Theresa Prammer beschreibt in ihrem im Ullstein Verlag erschienenen Roman "Auf dem Wasser treiben" eine Familie, die aus dem Lot geraten ist. Alle Familienmitglieder leiden auch Jahre später noch darunter, dass der Vater eines Tages die Familie verlässt und für immer verschwindet.

Dabei schien das Familienglück perfekt zu sein. Das Ehepaar liebte sich aufrichtig. John war seine Kindern immer ein guter Vater. Doch dann an einem schönen Sommertag rutscht der jüngste Sohn bei einem Ausflug an den Fluss unglücklich aus und wäre fast ertrunken. In der Nacht darauf verschwindet der Vater.

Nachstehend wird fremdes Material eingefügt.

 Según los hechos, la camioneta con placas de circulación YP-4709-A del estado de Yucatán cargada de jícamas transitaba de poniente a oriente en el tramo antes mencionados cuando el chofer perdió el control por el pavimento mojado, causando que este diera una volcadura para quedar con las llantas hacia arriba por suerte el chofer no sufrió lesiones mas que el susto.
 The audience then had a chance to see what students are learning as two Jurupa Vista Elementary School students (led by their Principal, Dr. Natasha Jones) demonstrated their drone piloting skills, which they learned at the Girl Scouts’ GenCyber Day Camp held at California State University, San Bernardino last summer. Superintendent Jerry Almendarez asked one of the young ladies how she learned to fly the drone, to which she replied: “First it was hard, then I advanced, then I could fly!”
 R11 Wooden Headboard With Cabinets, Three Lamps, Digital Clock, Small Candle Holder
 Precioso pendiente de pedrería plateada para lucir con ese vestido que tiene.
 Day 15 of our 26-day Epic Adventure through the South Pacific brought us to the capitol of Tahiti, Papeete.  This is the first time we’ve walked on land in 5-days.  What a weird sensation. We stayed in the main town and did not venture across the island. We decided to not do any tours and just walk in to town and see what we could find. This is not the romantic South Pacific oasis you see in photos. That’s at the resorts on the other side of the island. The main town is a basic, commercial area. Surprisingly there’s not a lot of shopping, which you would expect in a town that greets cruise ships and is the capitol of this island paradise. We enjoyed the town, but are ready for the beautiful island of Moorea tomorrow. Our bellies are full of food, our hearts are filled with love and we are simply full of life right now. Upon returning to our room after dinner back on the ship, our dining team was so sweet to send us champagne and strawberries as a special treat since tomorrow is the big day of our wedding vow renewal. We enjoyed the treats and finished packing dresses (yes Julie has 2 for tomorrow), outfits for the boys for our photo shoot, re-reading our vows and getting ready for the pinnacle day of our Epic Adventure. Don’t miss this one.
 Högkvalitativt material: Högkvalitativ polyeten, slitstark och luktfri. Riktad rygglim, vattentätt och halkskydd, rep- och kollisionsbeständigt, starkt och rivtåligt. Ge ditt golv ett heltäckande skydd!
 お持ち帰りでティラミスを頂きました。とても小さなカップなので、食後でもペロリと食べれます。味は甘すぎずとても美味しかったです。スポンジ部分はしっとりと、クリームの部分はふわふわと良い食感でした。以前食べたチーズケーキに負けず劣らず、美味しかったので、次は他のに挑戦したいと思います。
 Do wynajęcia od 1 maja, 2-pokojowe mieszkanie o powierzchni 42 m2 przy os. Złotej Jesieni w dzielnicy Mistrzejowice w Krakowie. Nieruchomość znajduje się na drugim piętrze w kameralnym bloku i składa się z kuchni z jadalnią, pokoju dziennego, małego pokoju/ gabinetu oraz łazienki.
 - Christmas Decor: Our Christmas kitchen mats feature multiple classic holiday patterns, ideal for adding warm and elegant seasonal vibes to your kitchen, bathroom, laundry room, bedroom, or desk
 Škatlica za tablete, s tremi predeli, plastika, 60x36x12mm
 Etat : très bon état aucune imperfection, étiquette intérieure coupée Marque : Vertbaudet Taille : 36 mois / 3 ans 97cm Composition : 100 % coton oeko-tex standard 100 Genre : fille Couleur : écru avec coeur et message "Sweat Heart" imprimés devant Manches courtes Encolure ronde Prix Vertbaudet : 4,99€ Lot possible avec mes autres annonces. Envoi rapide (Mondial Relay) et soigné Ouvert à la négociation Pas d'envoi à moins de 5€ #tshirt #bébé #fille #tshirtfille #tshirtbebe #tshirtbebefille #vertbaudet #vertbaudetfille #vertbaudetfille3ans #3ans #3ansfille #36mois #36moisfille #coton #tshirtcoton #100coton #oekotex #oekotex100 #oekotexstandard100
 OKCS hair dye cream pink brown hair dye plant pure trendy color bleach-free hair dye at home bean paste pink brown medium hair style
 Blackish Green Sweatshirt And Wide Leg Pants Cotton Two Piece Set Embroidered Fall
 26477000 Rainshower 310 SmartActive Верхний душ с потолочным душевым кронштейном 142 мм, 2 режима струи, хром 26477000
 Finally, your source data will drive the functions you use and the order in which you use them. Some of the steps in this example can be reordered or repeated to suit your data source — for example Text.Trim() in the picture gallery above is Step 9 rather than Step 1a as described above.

Die Geschichte springt ins Erwachsenenleben der Familie. Es gibt einen neuen Mann im Leben der Mutter Hannah. Die Kinder haben alle einen Beruf ergriffen. Alles scheint sich eingespielt zu haben. John ist verstorben,und die Familienmitgliedet haben sich mit seiner Abwesenheit abgefunden. Bei der Geburtstagsfeier zu Hannah's 55zigsten Geburtstag brechen plötzlich alte Wunden wieder auf. Jedes Familienmitglied fühlt sich noch immer verletzt und hat den Weggang von John vielleicht verdrängt aber nicht verarbeitet. Das zeigt sich in Schuldgefühlen, dem Unvermögen eine glückliche Beziehung zu führen, der Flucht in andere Welten, Ängsten und der Sprachlosigkeit gegenüber anderen Menschen.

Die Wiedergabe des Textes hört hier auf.